Your instructions |
What is needed is an exact copy of the lines in the listing below, from the one with "These shield glasses, presented" up to and including the one with "Gå ut og nyt", with no other lines.

The data |
>>>>

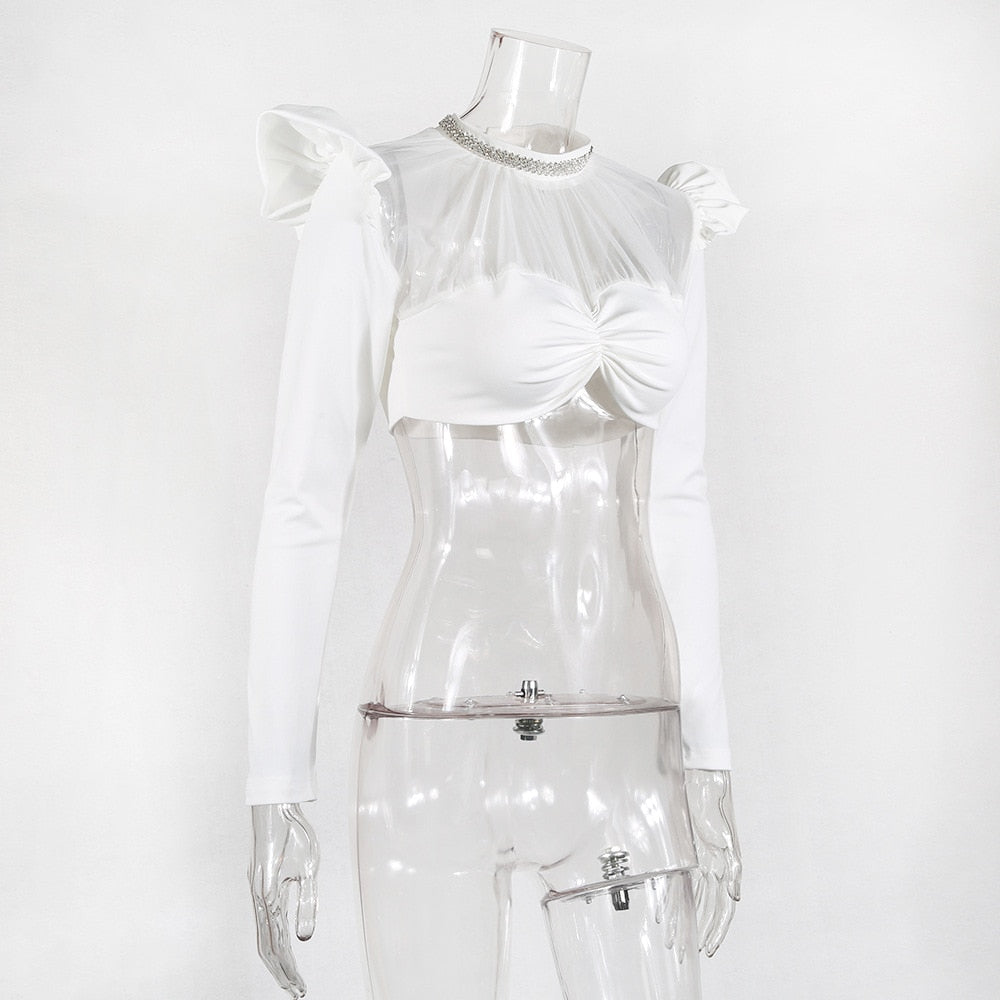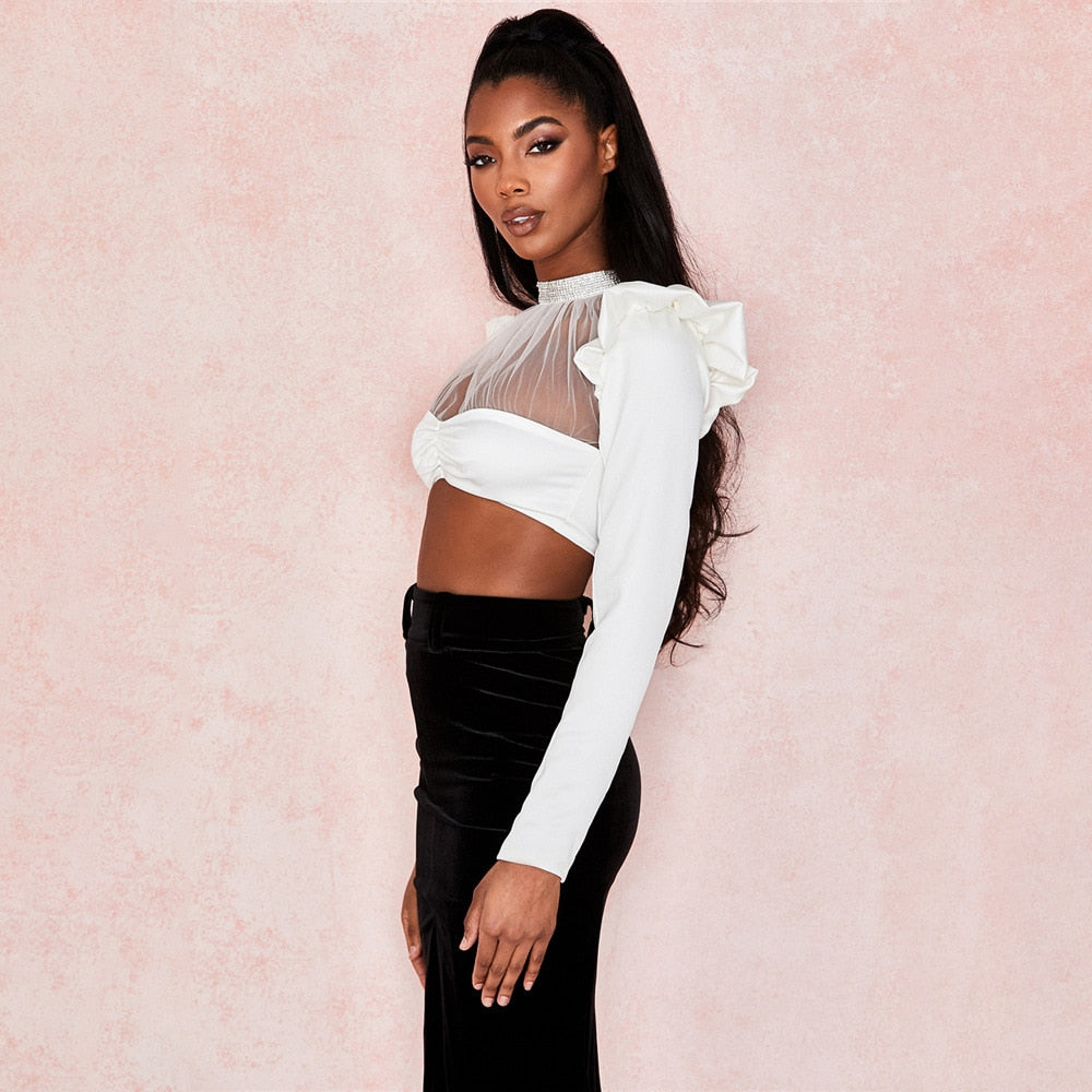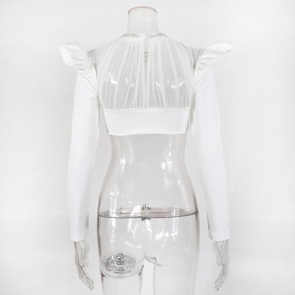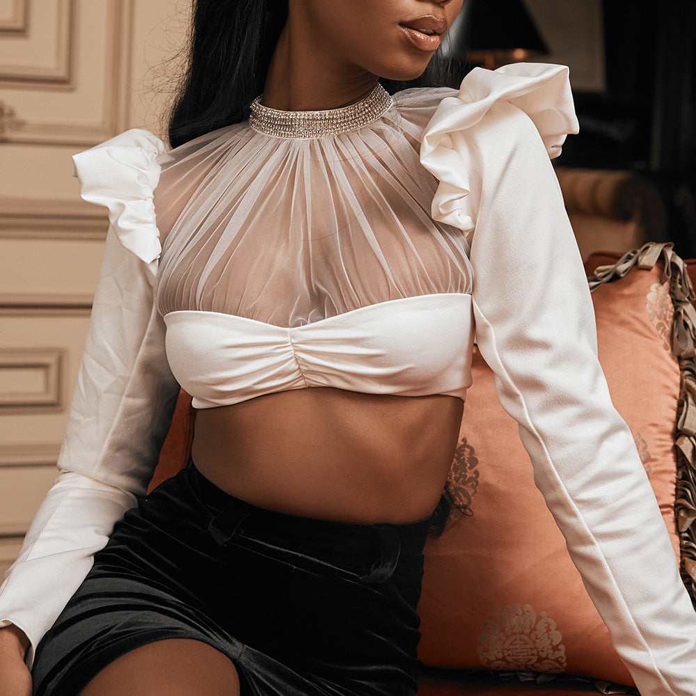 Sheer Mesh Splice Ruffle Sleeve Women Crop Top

<<<<
>>>>

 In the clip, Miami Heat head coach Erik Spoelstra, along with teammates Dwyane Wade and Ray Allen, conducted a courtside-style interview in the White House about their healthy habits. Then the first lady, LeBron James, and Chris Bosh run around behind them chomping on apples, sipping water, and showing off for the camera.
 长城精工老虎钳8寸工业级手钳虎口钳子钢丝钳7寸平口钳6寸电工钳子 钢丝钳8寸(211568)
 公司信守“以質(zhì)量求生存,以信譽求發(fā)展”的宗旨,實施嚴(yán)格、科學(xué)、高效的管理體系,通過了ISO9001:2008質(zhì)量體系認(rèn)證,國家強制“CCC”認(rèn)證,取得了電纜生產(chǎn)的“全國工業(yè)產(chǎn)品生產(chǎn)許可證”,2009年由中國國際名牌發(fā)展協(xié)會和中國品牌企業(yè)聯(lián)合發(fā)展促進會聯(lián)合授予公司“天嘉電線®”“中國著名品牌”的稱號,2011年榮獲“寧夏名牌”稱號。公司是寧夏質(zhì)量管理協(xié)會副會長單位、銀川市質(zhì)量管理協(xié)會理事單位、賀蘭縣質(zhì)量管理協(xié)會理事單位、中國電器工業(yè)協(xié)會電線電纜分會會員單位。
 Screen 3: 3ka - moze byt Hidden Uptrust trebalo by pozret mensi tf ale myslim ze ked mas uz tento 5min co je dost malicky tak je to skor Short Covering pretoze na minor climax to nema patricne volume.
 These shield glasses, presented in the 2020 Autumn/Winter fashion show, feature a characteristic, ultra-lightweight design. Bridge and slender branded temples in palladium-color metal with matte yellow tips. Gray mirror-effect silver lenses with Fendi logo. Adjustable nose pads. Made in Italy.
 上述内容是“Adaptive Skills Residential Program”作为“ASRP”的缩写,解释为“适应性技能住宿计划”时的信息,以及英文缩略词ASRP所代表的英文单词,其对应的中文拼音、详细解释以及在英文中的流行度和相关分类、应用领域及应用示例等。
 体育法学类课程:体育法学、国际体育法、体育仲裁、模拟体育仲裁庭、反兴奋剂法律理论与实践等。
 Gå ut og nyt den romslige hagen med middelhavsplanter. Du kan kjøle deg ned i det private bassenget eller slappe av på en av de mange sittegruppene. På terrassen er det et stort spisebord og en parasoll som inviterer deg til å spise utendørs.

<<<<
>>>>

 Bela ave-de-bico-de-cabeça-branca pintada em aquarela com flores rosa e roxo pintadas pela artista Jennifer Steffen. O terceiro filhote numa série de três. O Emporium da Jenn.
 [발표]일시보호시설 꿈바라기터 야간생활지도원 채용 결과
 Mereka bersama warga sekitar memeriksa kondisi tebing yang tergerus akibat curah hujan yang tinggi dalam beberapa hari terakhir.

<<<<

Solution for this exercise |
 These shield glasses, presented in the 2020 Autumn/Winter fashion show, feature a characteristic, ultra-lightweight design. Bridge and slender branded temples in palladium-color metal with matte yellow tips. Gray mirror-effect silver lenses with Fendi logo. Adjustable nose pads. Made in Italy.
 上述内容是“Adaptive Skills Residential Program”作为“ASRP”的缩写,解释为“适应性技能住宿计划”时的信息,以及英文缩略词ASRP所代表的英文单词,其对应的中文拼音、详细解释以及在英文中的流行度和相关分类、应用领域及应用示例等。
 体育法学类课程:体育法学、国际体育法、体育仲裁、模拟体育仲裁庭、反兴奋剂法律理论与实践等。
 Gå ut og nyt den romslige hagen med middelhavsplanter. Du kan kjøle deg ned i det private bassenget eller slappe av på en av de mange sittegruppene. På terrassen er det et stort spisebord og en parasoll som inviterer deg til å spise utendørs.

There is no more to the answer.